The Annual General Meeting of Norsk Hydro ASA today adopted all the items as proposed on the agenda, including the proposal to pay no dividend for 2008.
The Annual General Meeting also approved a capital reduction by means of the cancellation of shares and the redemption of shares belonging to the Norwegian state, with the following resolution:
The share capital of the company will be reduced by NOK 8,615,718.32 from NOK 1,370,256,730 to NOK 1,361,641,011.68 by means of the cancellation of 4,408,000 shares and the redemption of 3,438,738 shares belonging to the Norwegian state as represented by the Ministry of Trade and Industry in exchange for payment of NOK 124,306,199 to the Norwegian state as represented by the Ministry of Trade and Industry. This amount is equivalent to the average share price for the buy-back of market shares with the addition of interest compensation. The portion of the sum paid out that exceeds the nominal amount of the shares will be covered by a transfer from the share premium account and retained earnings, and the share surplus account will thereby be reduced by NOK 181,634,575.
With effect from the implementation of the capital reduction by registration in the Register of Business Enterprises, Article 4 of the Company’s Articles of Association will be amended to
read as follows:
The share capital amounts to NOK 1,361,641,011.68 represented by 1,240,110,211 shares with a nominal value of NOK 1.098. The shares shall be registered in the Norwegian Central Securities Depository. The Board of Directors can refuse transfer and take other necessary steps to prevent the transfer of shares being effected in contravention of the restrictions stipulated by Norwegian law.
Following the implementation of the capital reduction the Norwegian States ownership interest in Hydro will remain unchanged at 43.82%.
Contact Tone Dahle
Telephone +47 22532548
Cellular +47 95168459
Contact Stian Hasle
Telephone +47 22532520
Cellular +47 97736022
Certain statements included within this announcement contain forward-looking information, including, without limitation, those relating to (a) forecasts, projections and estimates, (b) statements of management's plans, objectives and strategies for Hydro, such as planned expansions, investments or other projects, (c) targeted production volumes and costs, capacities or rates, start-up costs, cost reductions and profit objectives, (d) various expectations about future developments in Hydro's markets, particularly prices, supply and demand and competition, (e) results of operations, (f) margins, (g) growth rates, (h) risk management, as well as (i) statements preceded by "expected", "scheduled", "targeted", "planned", "proposed", "intended" or similar statements.
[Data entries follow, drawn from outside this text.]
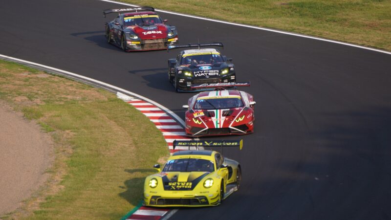 しかし、7号車 CARGUYのフェラーリ、5号車 マッハ車検のトヨタ86 MC、60号車 LM corsaのレクサスLC500 GTと上位陣が続きます。(2025.8.24 16:09)
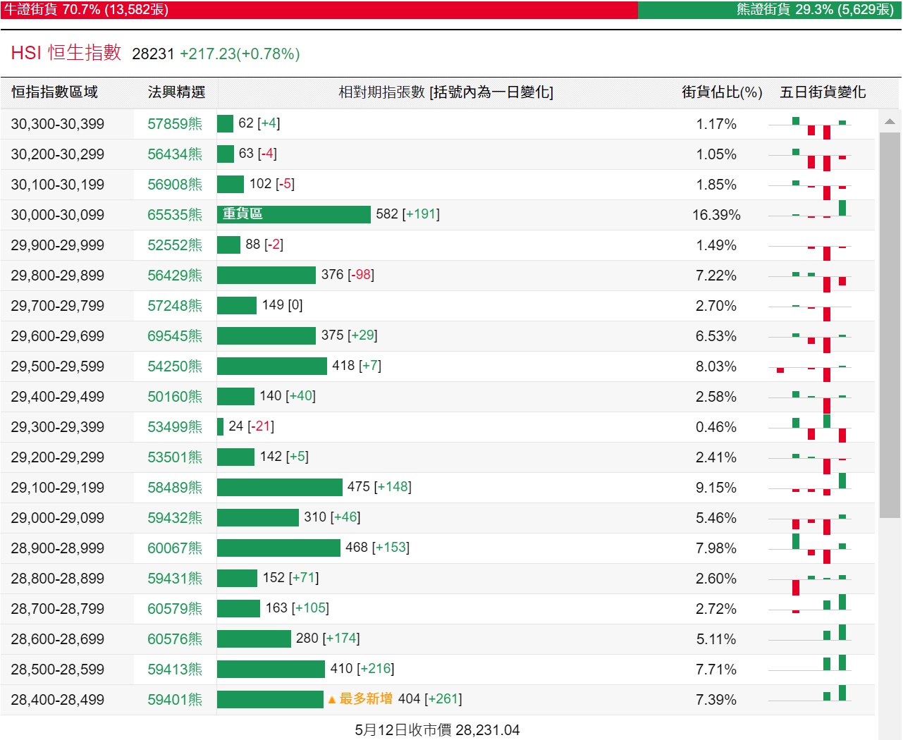 智通财经APP获悉,截至5月12日,恒指最新的牛熊街货比例为71:29。
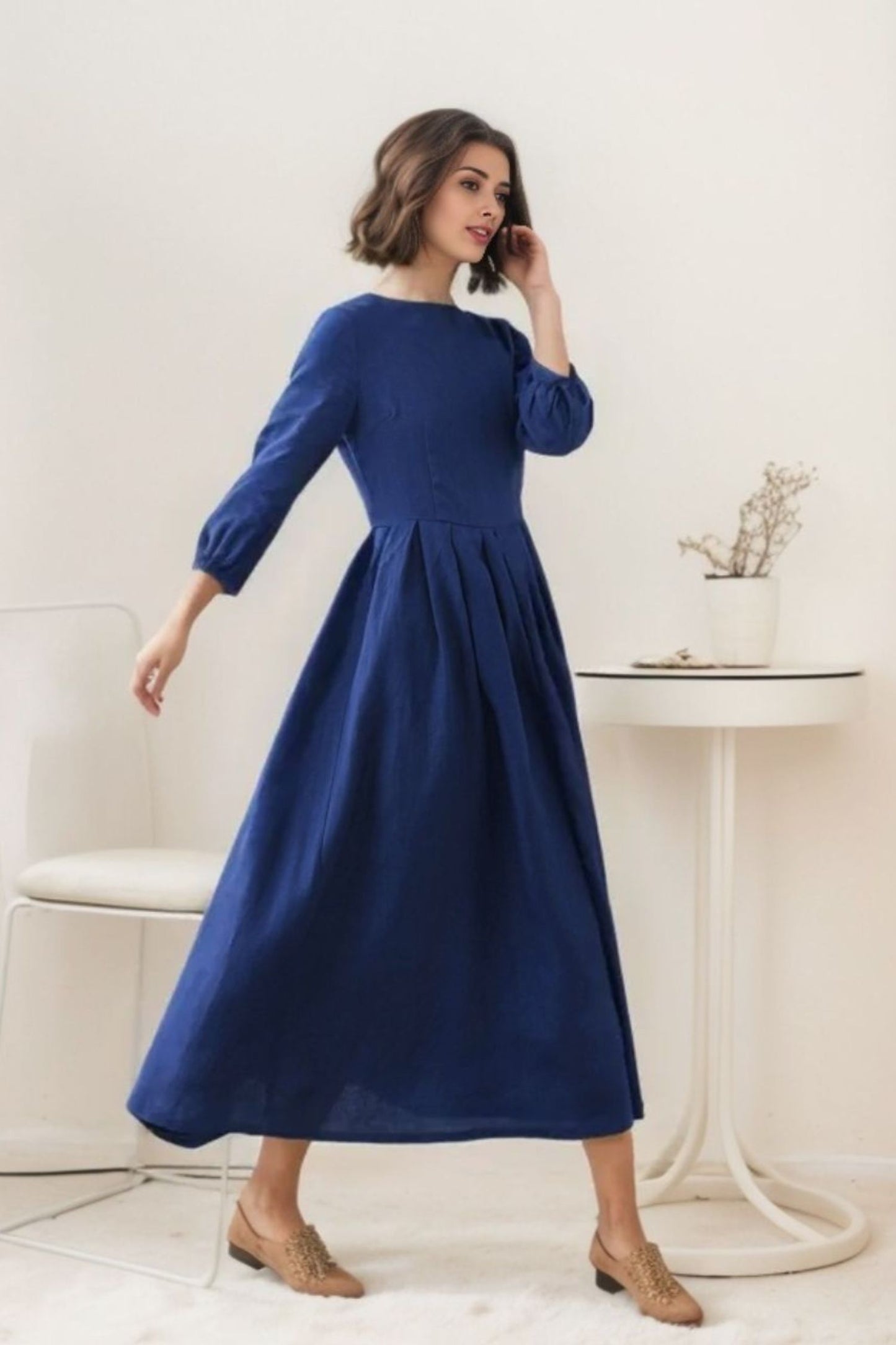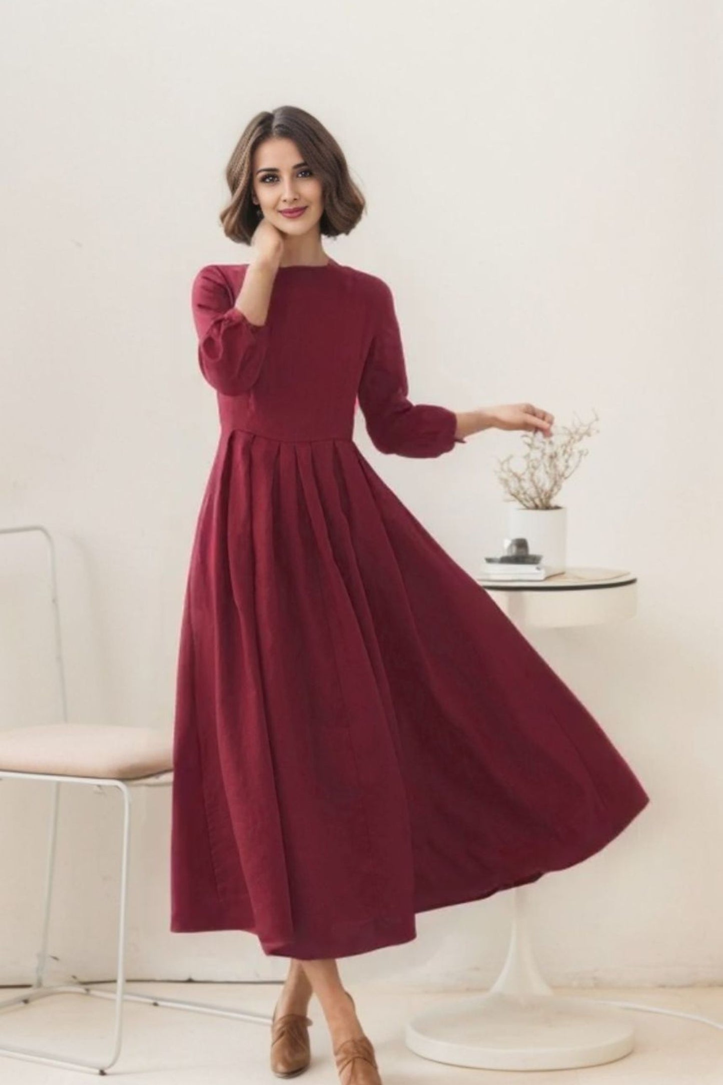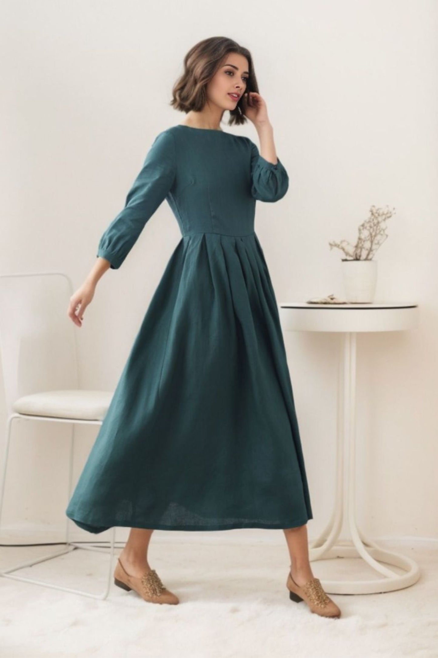 Green Linen Maxi Swing Dress - Flowy A-Line Design 5513

Although we believe that the expectations reflected in such forward-looking statements are reasonable, these forward-looking statements are based on a number of assumptions and forecasts that, by their nature, involve risk and uncertainty. Various factors could cause our actual results to differ materially from those projected in a forward-looking statement or affect the extent to which a particular projection is realized. Factors that could cause these differences include, but are not limited to: our continued ability to reposition and restructure our upstream and downstream aluminium business; changes in availability and cost of energy and raw materials; global supply and demand for aluminium and aluminium products; world economic growth, including rates of inflation and industrial production; changes in the relative value of currencies and the value of commodity contracts; trends in Hydro's key markets and competition; and legislative, regulatory and political factors.
No assurance can be given that such expectations will prove to have been correct. Hydro disclaims any obligation to update or revise any forward-looking statements, whether as a result of new information, future events or otherwise.